# Week 3 Lab: Data Wrangling with Pandas - SOLUTION

**Complete solution notebook with working code for all exercises.**

In [None]:
import pandas as pd
import numpy as np
import matplotlib.pyplot as plt
import seaborn as sns

pd.set_option('display.max_columns', None)
pd.set_option('display.max_rows', 100)
np.random.seed(42)

print("âœ“ Libraries imported successfully!")

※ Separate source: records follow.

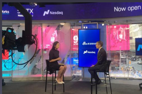
·纳斯达克交易所演播间
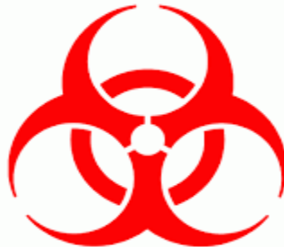
Resim 1. 1 Uluslararası Tıbbi Atık Amblemi

Bu amblem “ Uluslararası Biyotehlike Amblemi ” olup bu amblemin kapsamında toplanmasında taşınmasında, geçici depolanmasından bertarafına kadar diğer atıklardan ayrı işlem görmesi gereken tehlikeli hastane atıkları yer almaktadır.
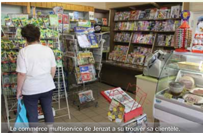
Le commerce multiservice de Jenzat a su trouver sa clientèle.

L'ensemble de ces points seront croisés avec les autres résultats du diagnostic conduit depuis plusieurs mois dans l'Allier. Le but est d'arriver à une photographie précise de la situation et d'apporter des réponses via le Schéma d'accessibilité des services au public.
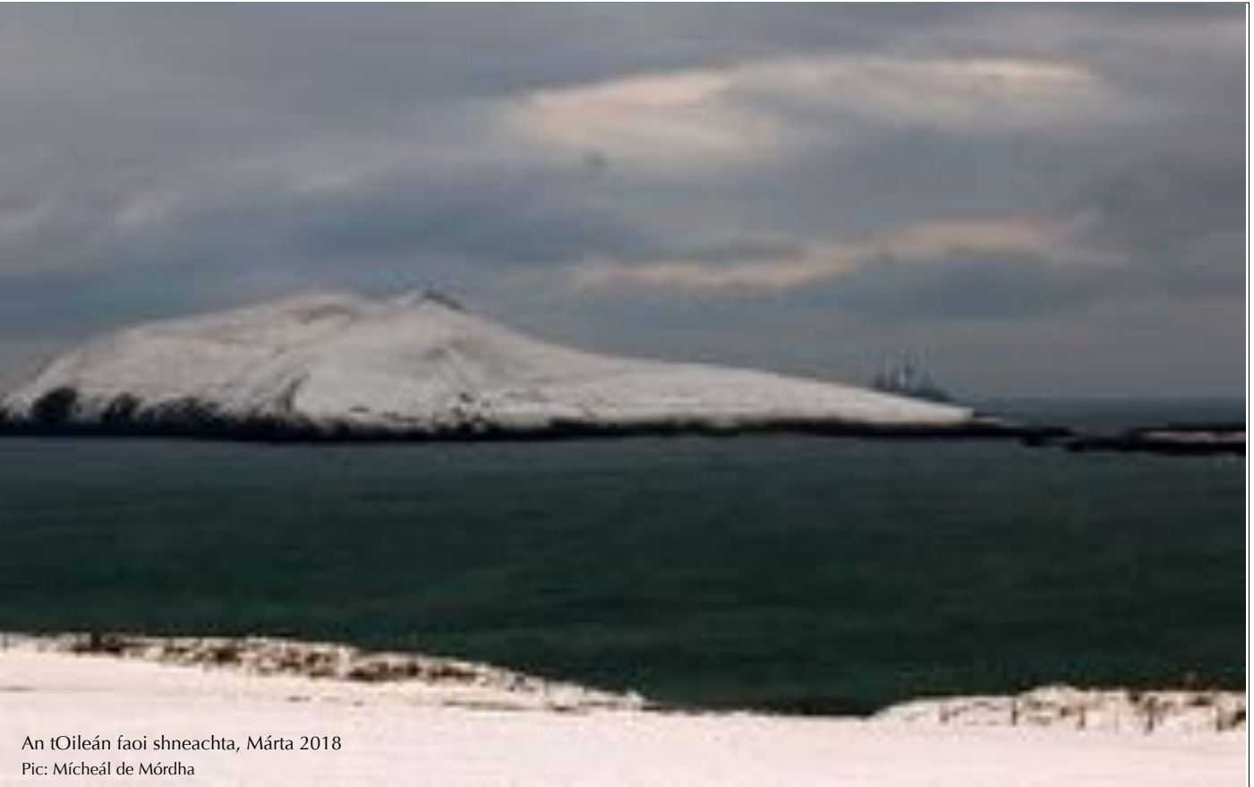
An tOileán faoi shneachta, Márta 2018
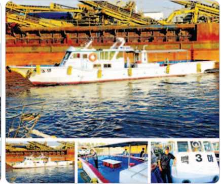
<낚시어선 메인 화면>

그 외 붕어낚시첫걸음(민물편), 원색낚시채비대백과(바다편) 등 낚시채비와 관련된 책자들을 콘텐츠로 구축하고 있어, 낚시를 처음 배우는 낚시인들도 많이 활용할 수 있는 정보를 제공하고 있다.
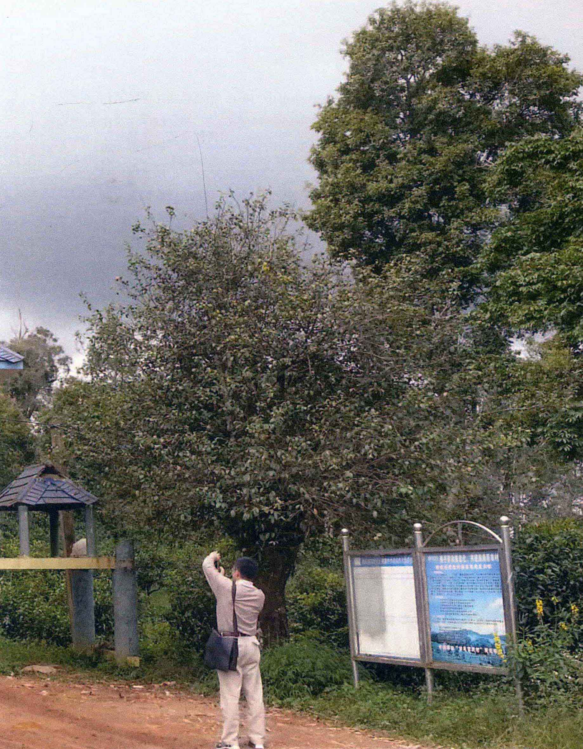
翻山越岭，穿过泥泞与坑洞，我们总算到了老班章寨子（2012.10）
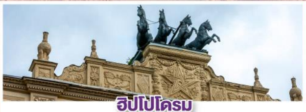
ฮิปโปโดรม

## Part 1: Handling Missing Data - SOLUTION

In [None]:
data = {
    'Region': ['NCR', 'CAR', 'Region I', 'Region II', 'Region III', 'Region IV-A', 'Region V', 'Region VI'],
    'Population': [13484462, 1797660, None, 3685744, 12422172, 16195042, None, 7954723],
    'Poverty_Rate': [4.9, 24.6, 15.3, None, 7.8, 6.5, 20.4, 18.3],
    'Literacy_Rate': [99.2, 94.3, 97.8, 96.5, None, 98.9, 96.2, None]
}

df = pd.DataFrame(data)
print("Original DataFrame:")
print(df)

# SOLUTION: Check for missing values
missing_counts = df.isnull().sum()
print("\nMissing values per column:")
print(missing_counts)

# SOLUTION: Calculate percentage
missing_percentage = (df.isnull().sum() / len(df)) * 100
print("\nMissing percentage per column:")
print(missing_percentage)

In [None]:
# SOLUTION: Handle missing data
df_filled = df.copy()

# Fill Population with mean
df_filled['Population'] = df_filled['Population'].fillna(df_filled['Population'].mean())

# Fill Poverty_Rate with median
df_filled['Poverty_Rate'] = df_filled['Poverty_Rate'].fillna(df_filled['Poverty_Rate'].median())

# Fill Literacy_Rate with forward fill
df_filled['Literacy_Rate'] = df_filled['Literacy_Rate'].ffill()

print("DataFrame after handling missing values:")
print(df_filled)
print("\nRemaining missing values:", df_filled.isnull().sum().sum())

## Part 2: Data Cleaning - SOLUTION

In [None]:
# SOLUTION: Clean messy string data
messy_data = {
    'University': ['  UP DILIMAN  ', 'up cebu', 'ATENEO DE MANILA', '  De La Salle  ', 'UST'],
    'Students': ['23,000', '4,500', '12000', '  15,000  ', '40000'],
    'Type': ['Public', 'PUBLIC', 'private', 'Private', 'PRIVATE']
}

messy_df = pd.DataFrame(messy_data)
print("Messy DataFrame:")
print(messy_df)

# Clean University
messy_df['University'] = messy_df['University'].str.strip().str.title()

# Convert Students to numeric
messy_df['Students'] = messy_df['Students'].str.replace(',', '').str.strip()
messy_df['Students'] = pd.to_numeric(messy_df['Students'])

# Standardize Type
messy_df['Type'] = messy_df['Type'].str.capitalize()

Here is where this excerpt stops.